Selain Gus Miftah dan Gus Muwaffiq, narasi penuh hikmah juga diungkap oleh Rais Syuriah Pengurus Cabang Istimewa Nahdalatul Ulama di Australia dan New Zealand Prof Nadirsyah Hosen (Gus Nadir). Menurutnya, saat interaksi kita dibikin berjarak disebabkan wabah virus Corona, dengan pemberlakuan physical distancing di mana-mana, maka kemanusiaan harus tetap terjaga lewat solidaritas sosial yang kukuh

“Ini saatnya kita saling jaga, saling dukung, saling membantu. Bukan malah saling menyalahkan dan berebut pencitraan,” ajaknya.

Di sisi lain, kalau mau merenunginya lanjutnya, wabah Corona justru membawa hikmah luar biasa pada lingkungan. Langit kembali biru, aliran sungai kembali jernih, karena berkurangnya polusi udara dan sampah limbah akibat pabrik-pabrik berhenti beroperasi. Pantai menjadi bersih dari sampah plastik. Ikan berenang gembira karena tak lagi diganggu kapal pesiar mewah. Burung terdengar bersahutan karena jalan raya tak lagi brisik dengan suara knalpot dan klakson.

“Keluarga yang selama ini tak pernah lagi duduk makan bersama dan saat bertemu biasanya hanya uang dan kerja yang dibahas, kini lebih banyak berkumpul di rumah beribadah dan beraktivitas bersama keluarga,” katanya.

Keadaan manusia yang dalam satu sisi sedang terkapar oleh wabah Corona, namun di sisi lain alam semesta perlahan menemukan kembali harmoninya. Maka, kemudian timbul pertanyaan, ini musibah atau anugerah? Bencana atau rencana Allah? Ini aib kemanusiaan atau sebuah proses alam ghaib untuk memanusiakan kembali kemanusiaan kita? Ini azab atau cara Tuhan mengajarkan kita adab pada semesta? Ini misteri atau solusi?

Lalu, seraya mengutip firman Allah, “Allah tidak membebani seseorang itu melainkan sesuai dengan kesanggupannya,” Gus Nadir mengajak agar kita menyikapi hal ini dengan tidak lupa memanjatkan syukur kepada Allah SWT.

“Terima kasih ya Allah, Engkau turunkan wabah Corona ini. Artinya, Engkau percaya kami akan sanggup menjalani dan menghadapinya. Terima kasih atas kepercayaan Engkau ya Allah, kami pun percaya bahwa wabah Corona ini tidak akan membebani kami di luar batas kesanggupan kami. Karena itulah janjiMu,” imbuhnya.

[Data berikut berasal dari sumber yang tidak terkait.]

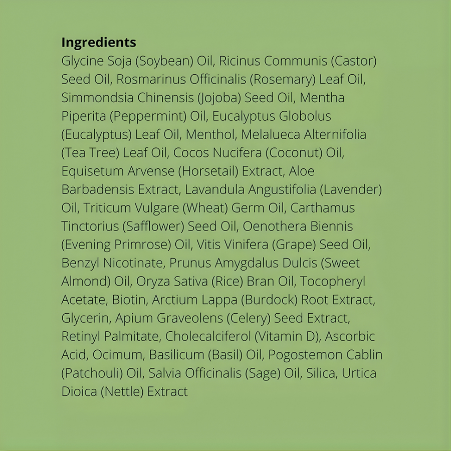 Key Ingredients: Biotin, Rosemary Oil, Mint Oil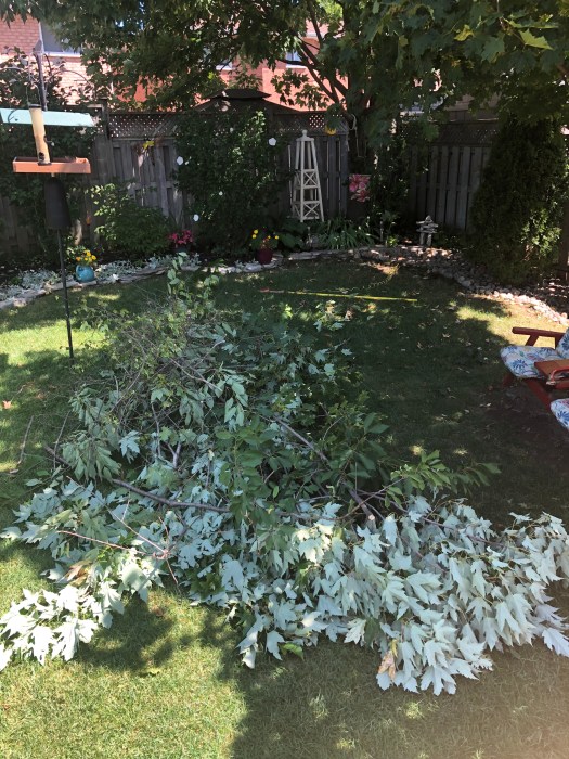 Our trees in the back yard were in serious need of attention. The birch had all kinds of dead limbs and the big maple was overshadowing the back corner.

Mengutip maqolah penyusun kitab al-Hikam, Ibnu Athoilah, Gus Nadir mengatakan bermacam ujian itu hakikatnya adalah hamparan pemberian dari Allah SWT. “Datangnya cobaan tak hanya meniscayakan kesabaran, tapi juga syukur. Karena, di balik syukur itu ada karunia yang hendak diberikan Allah,” pungkasnya.

“Doa Bersama dan Pertaubatan Global Bersatu Melawan Korona” ini disiarkan secara Live Streaming oleh Tv9, Channel Youtube, dan media sosial lainya. Disaksikan juga oleh Wakil Presiden KH Ma’ruf Amin dan diikuti oleh Pengurus Cabang Istimewa Nahdlatul Ulama (PCINU) dari 22 negara.